• _The task_: Your answer must be an exact copy of the entries below, with every picture removed.

• _Information shown_:
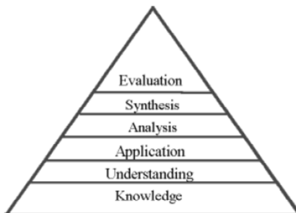
Figure 1: Bloom's Taxonomy of Student Learning

Considering Bloom's hierarchy of Fig. 1, any educational organization should stress more on problem- and project-based learning. It is well understood that academic staff who are in direct touch with students can better design the curriculum and related instructional strategies. The academic staffs are responsible for maintaining the vibrant curriculum. Benjamin Bloom headed a group of educational psychologists who developed a classification of levels of intellectual behaviour important in learning. Bloom found that over 95 % of the test questions that students encounter require them to think only at the lowest possible level—the recall of information. Bloom's six levels of Figure 1 within the cognitive domain span from the simple recall or recognition of facts, as the lowest level, through increasingly more complex and abstract mental levels, to the highest order which is classified as evaluation. Engineering curriculum based on OBE must develop students to embrace the top five levels other than just the knowledge delivery and recall.
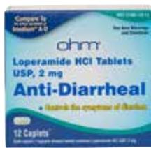
Loperamide HCL (Anti-diarrheal Tablets) Item No. 1133
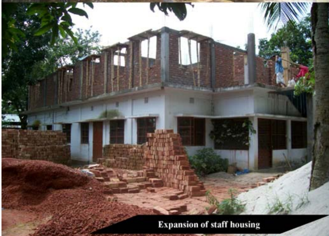
Expansion of staff housing
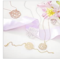
Monogram Cursive Pendant $159 - $1,229
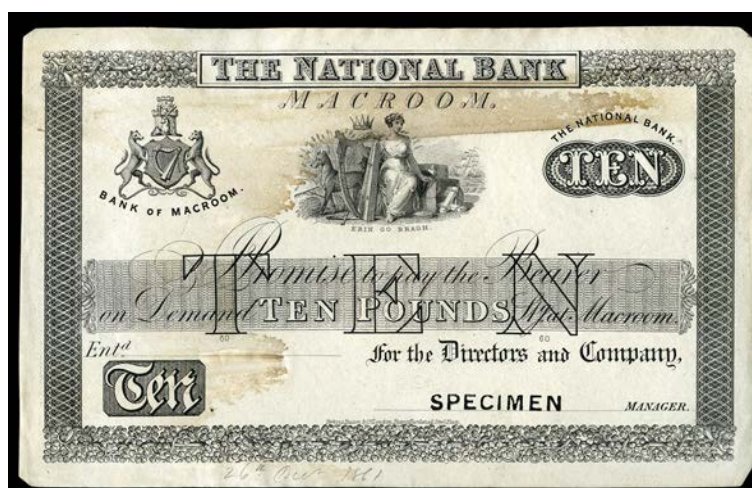
3332 The National Bank, Ten Pounds, Macroom , uniface proof on paper, stamped SPECIMEN at bottom right, '26th Oct 1861' pencilled in bottom margin (NA 30). Clipped corner tips and a light ink splash, otherwise extremely fine £120-150
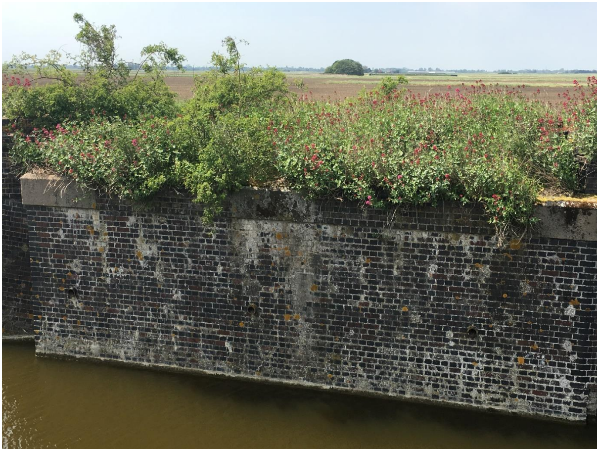
Red Valerian ( Centranthus ruber ) well established on an old railway bridge by the Hobhole Drain at Midville

Occasionally Fenland droves have unexpected native species or archaeophytes well away from their usual habitats. Thus Marjoram ( Origanum vulgare ) grew in Fodder Fen, Prickwillow, though possibly of garden origin from a derelict bungalow there. Catmint ( Nepeta cataria ) is an archaeophyte of the chalk but is scattered along drove-sides and spoil heaps in the black fen of Queen's Ground and near the River Lark. Henbane ( Hyoscyamus niger ) is another archaeophyte of the chalk that also occurs in sandy places. It is decidedly uncommon in Fenland but was found in 2018 by the CFG at Walpole Marsh.
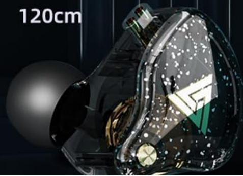
Figure 5: Product parameters for the AK6 PRO earbuds.
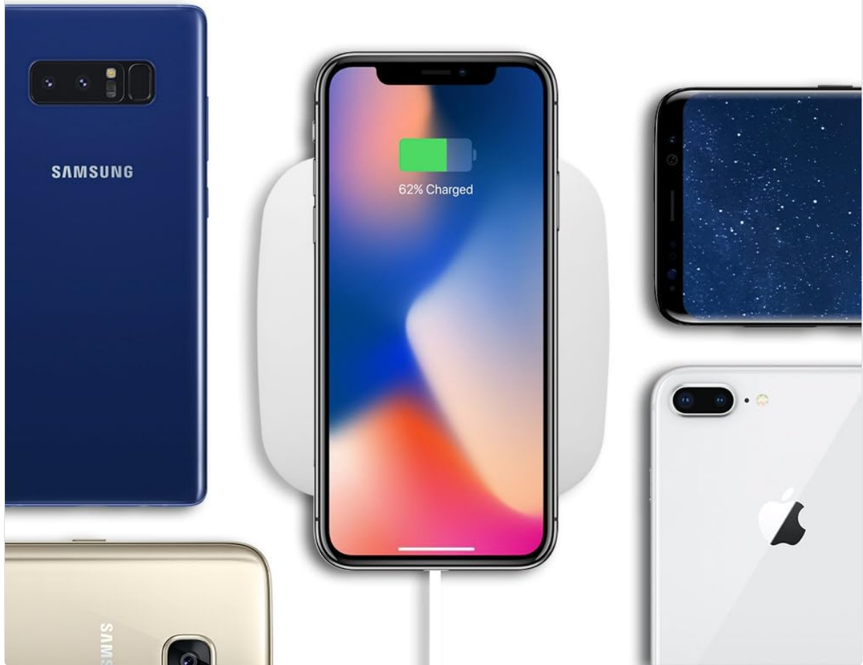
Image: Multiple Qi-enabled devices, including Samsung and iPhone models, positioned around the Spigen F301W, indicating broad compatibility.

• _Response below_:
Figure 1: Bloom's Taxonomy of Student Learning

Considering Bloom's hierarchy of Fig. 1, any educational organization should stress more on problem- and project-based learning. It is well understood that academic staff who are in direct touch with students can better design the curriculum and related instructional strategies. The academic staffs are responsible for maintaining the vibrant curriculum. Benjamin Bloom headed a group of educational psychologists who developed a classification of levels of intellectual behaviour important in learning. Bloom found that over 95 % of the test questions that students encounter require them to think only at the lowest possible level—the recall of information. Bloom's six levels of Figure 1 within the cognitive domain span from the simple recall or recognition of facts, as the lowest level, through increasingly more complex and abstract mental levels, to the highest order which is classified as evaluation. Engineering curriculum based on OBE must develop students to embrace the top five levels other than just the knowledge delivery and recall.
Loperamide HCL (Anti-diarrheal Tablets) Item No. 1133
Expansion of staff housing
Monogram Cursive Pendant $159 - $1,229
3332 The National Bank, Ten Pounds, Macroom , uniface proof on paper, stamped SPECIMEN at bottom right, '26th Oct 1861' pencilled in bottom margin (NA 30). Clipped corner tips and a light ink splash, otherwise extremely fine £120-150
Red Valerian ( Centranthus ruber ) well established on an old railway bridge by the Hobhole Drain at Midville

Occasionally Fenland droves have unexpected native species or archaeophytes well away from their usual habitats. Thus Marjoram ( Origanum vulgare ) grew in Fodder Fen, Prickwillow, though possibly of garden origin from a derelict bungalow there. Catmint ( Nepeta cataria ) is an archaeophyte of the chalk but is scattered along drove-sides and spoil heaps in the black fen of Queen's Ground and near the River Lark. Henbane ( Hyoscyamus niger ) is another archaeophyte of the chalk that also occurs in sandy places. It is decidedly uncommon in Fenland but was found in 2018 by the CFG at Walpole Marsh.
Figure 5: Product parameters for the AK6 PRO earbuds.
Image: Multiple Qi-enabled devices, including Samsung and iPhone models, positioned around the Spigen F301W, indicating broad compatibility.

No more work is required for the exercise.